表４からわかるように、光散乱性微粒子Ｓおよび光取り出し部材９の両方を備えた試料Ｎｏ．４０２〜４０４の面状発光体は、屈曲させた状態であっても、光散乱性微粒子Ｓを用いていない試料Ｎｏ．４０１の面状発光体と比較し、全体輝度が高く、かつ繋ぎ目の明るさは明るかった。この結果から、これにより光散乱性微粒子Ｓおよび光取り出し部材９を備えた構成の面状発光体は、屈曲させた場合においても、非発光領域Ｂに起因する輝度ムラを防止および、省エネルギー化に対する貢献の効果が確認された。

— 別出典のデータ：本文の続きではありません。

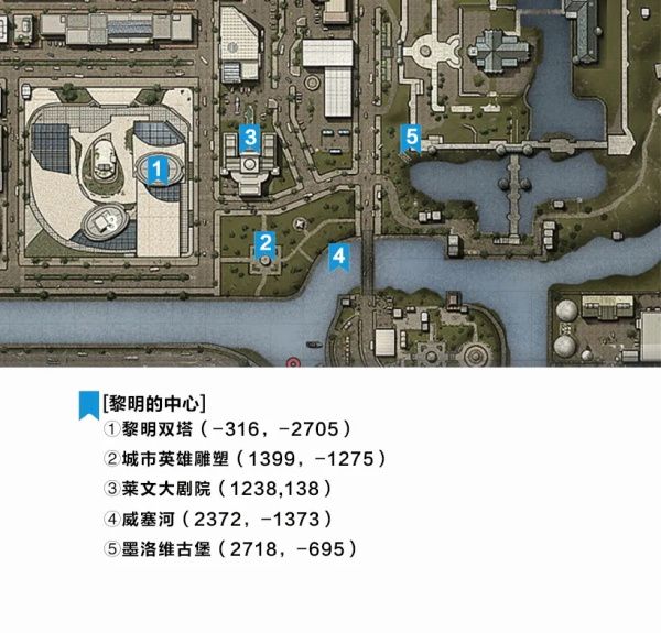 黎明双塔 (-316,-2705)、城市英雄雕塑 (1399,-1275)、莱文大剧院 (1238,138)、威塞河 (2372,-1373)、墨洛维古堡 (2718,-695)

１，１’…発光パネル、１-1〜１-7…面状発光体、３…透明基板、３ａ…光取り出し面、７…接着剤、９…光取り出し部材、２１…透明基板部材、２３…光反射部材、Ａ…発光領域、Ｂ…非発光領域、ＥＬ，ＥＬ’…有機電界発光素子、ｈ…発光光、Ｓ…光散乱性微粒子

Claims

透明基板の一主面上に当該透明基板側から発光光が取り出される状態で有機電界発光素子が設けられたもので、当該有機電界発光素子の形成面を同一方向に向けて面状に配列された複数の発光パネルと、
前記透明基板と同程度の屈折率を有し、面状に配置された前記発光パネル同士を接合する状態で前記各透明基板間に設けられた光透過性の接着剤と、
前記透明基板の光取り出し面となる他主面上において、前記接合された複数の発光パネルにおける前記有機電界発光素子間に設けられた光取り出し部材と
を備えた面状発光体。
前記接着剤の屈折率ｎ１と前記透明基板の屈折率ｎ２とは、その差｜ｎ１−ｎ２｜≦０．１の範囲で同程度である
請求項１記載の面状発光体。
前記光取り出し部材は、前記有機電界発光素子の発光領域に対して積層されることなく設けられている
請求項１または２に記載の面状発光体。
前記有機電界発光素子には、光散乱性微粒子が含有されている
請求項１〜３の何れかに記載の面状発光体。
前記有機電界発光素子は、前記透明基板側に配置された透明電極層と、当該透明電極層に対向配置された対向電極層と、少なくとも発光層を有して当該透明電極層と対向電極層との間に挟持された有機発光機能層とを備え、
前記光散乱性微粒子は、前記有機電界発光素子において前記発光層よりも前記透明基板側の層に含有されている
請求項４に記載の面状発光体。
前記光散乱性微粒子は、長軸、短軸を有する異方性粒子である
請求項４または５に記載の面状発光体。
前記透明基板と前記光取り出し部材との間に、透明基板部材を設けた
請求項１〜６の何れかに記載の面状発光体。
前記光取り出し部材との間に前記透明基板を挟持する状態で、光反射部材を設けた
請求項１〜７の何れかに記載の面状発光体。
前記光取り出し部材として、光拡散シートおよびプリズムシートの少なくとも一方が用いられる
請求項１〜８の何れかに記載の面状発光体。